→ Task directions:
Taking the line with "A person puts" as the first and the line with "Giftbags, silk roses, heart shaped boxes." as the last, set down exactly every line in that range from the entries below, and no more.

→ Information provided:
▽

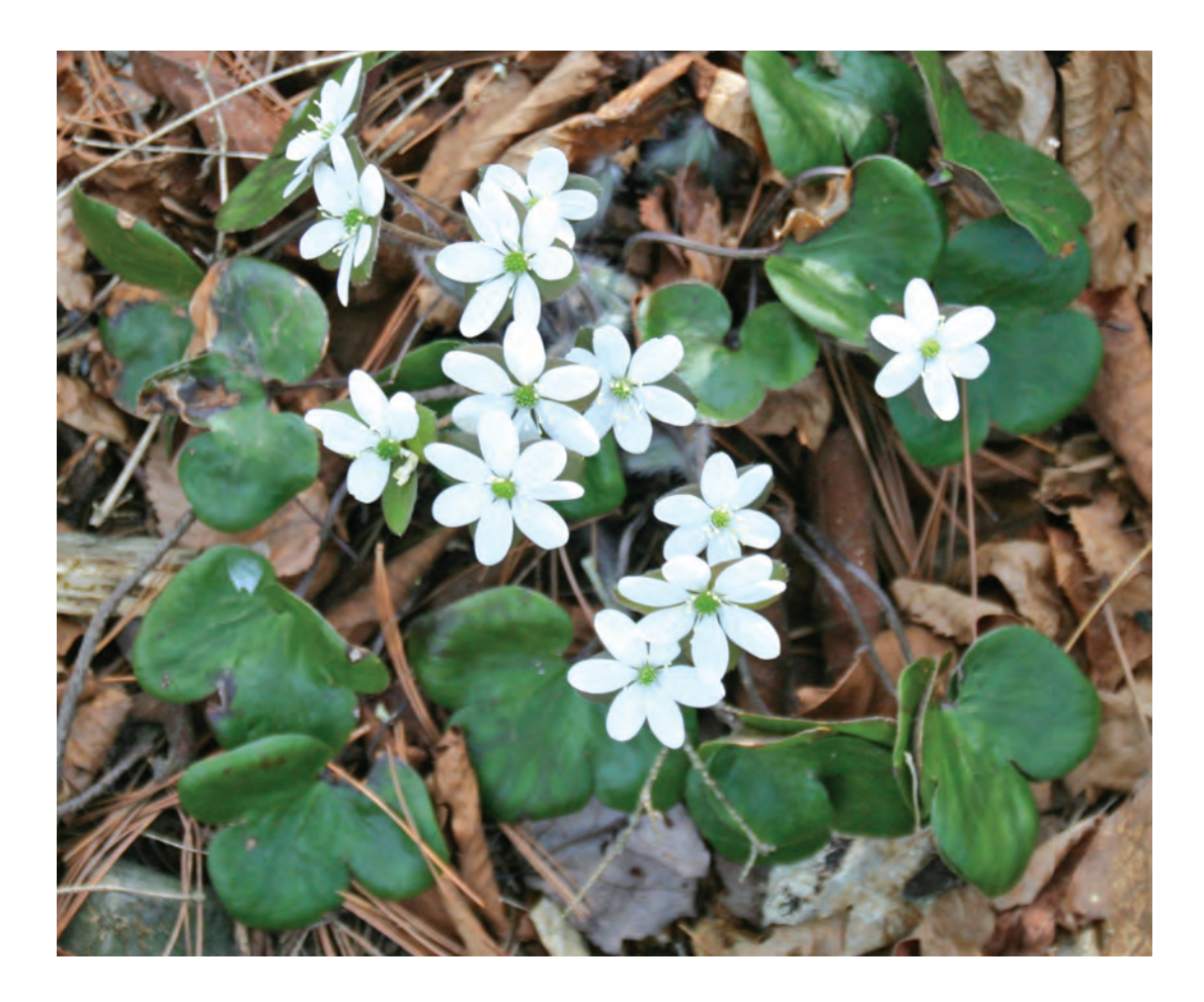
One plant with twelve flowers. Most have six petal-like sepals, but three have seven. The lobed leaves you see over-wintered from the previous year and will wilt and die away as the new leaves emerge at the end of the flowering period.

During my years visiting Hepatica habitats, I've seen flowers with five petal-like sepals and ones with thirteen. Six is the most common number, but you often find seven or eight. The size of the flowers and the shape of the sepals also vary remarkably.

△
▽

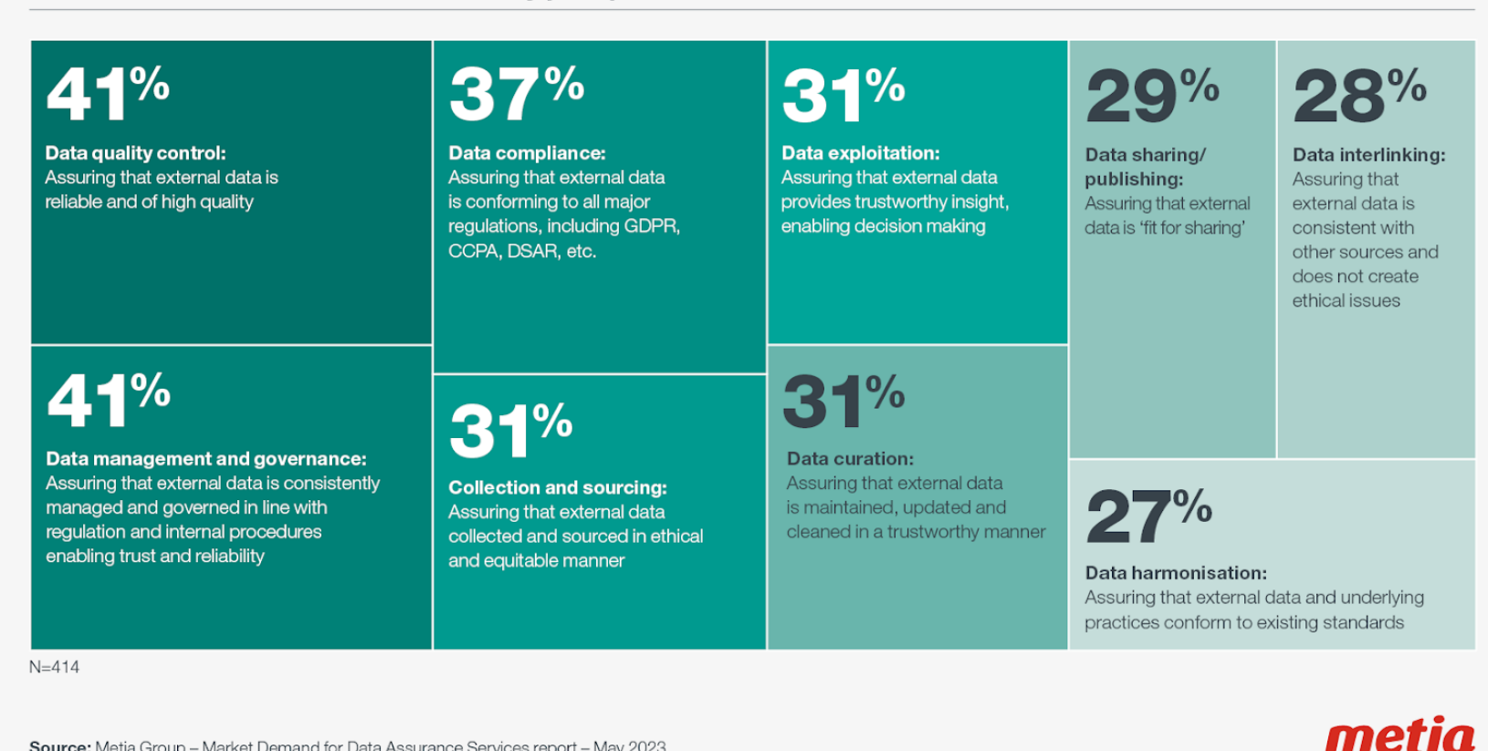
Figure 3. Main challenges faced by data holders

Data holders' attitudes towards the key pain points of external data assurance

△
▽

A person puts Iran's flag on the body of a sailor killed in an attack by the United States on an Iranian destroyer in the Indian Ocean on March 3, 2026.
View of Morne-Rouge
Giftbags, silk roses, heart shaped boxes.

△

→ Final answer:
A person puts Iran's flag on the body of a sailor killed in an attack by the United States on an Iranian destroyer in the Indian Ocean on March 3, 2026.
View of Morne-Rouge
Giftbags, silk roses, heart shaped boxes.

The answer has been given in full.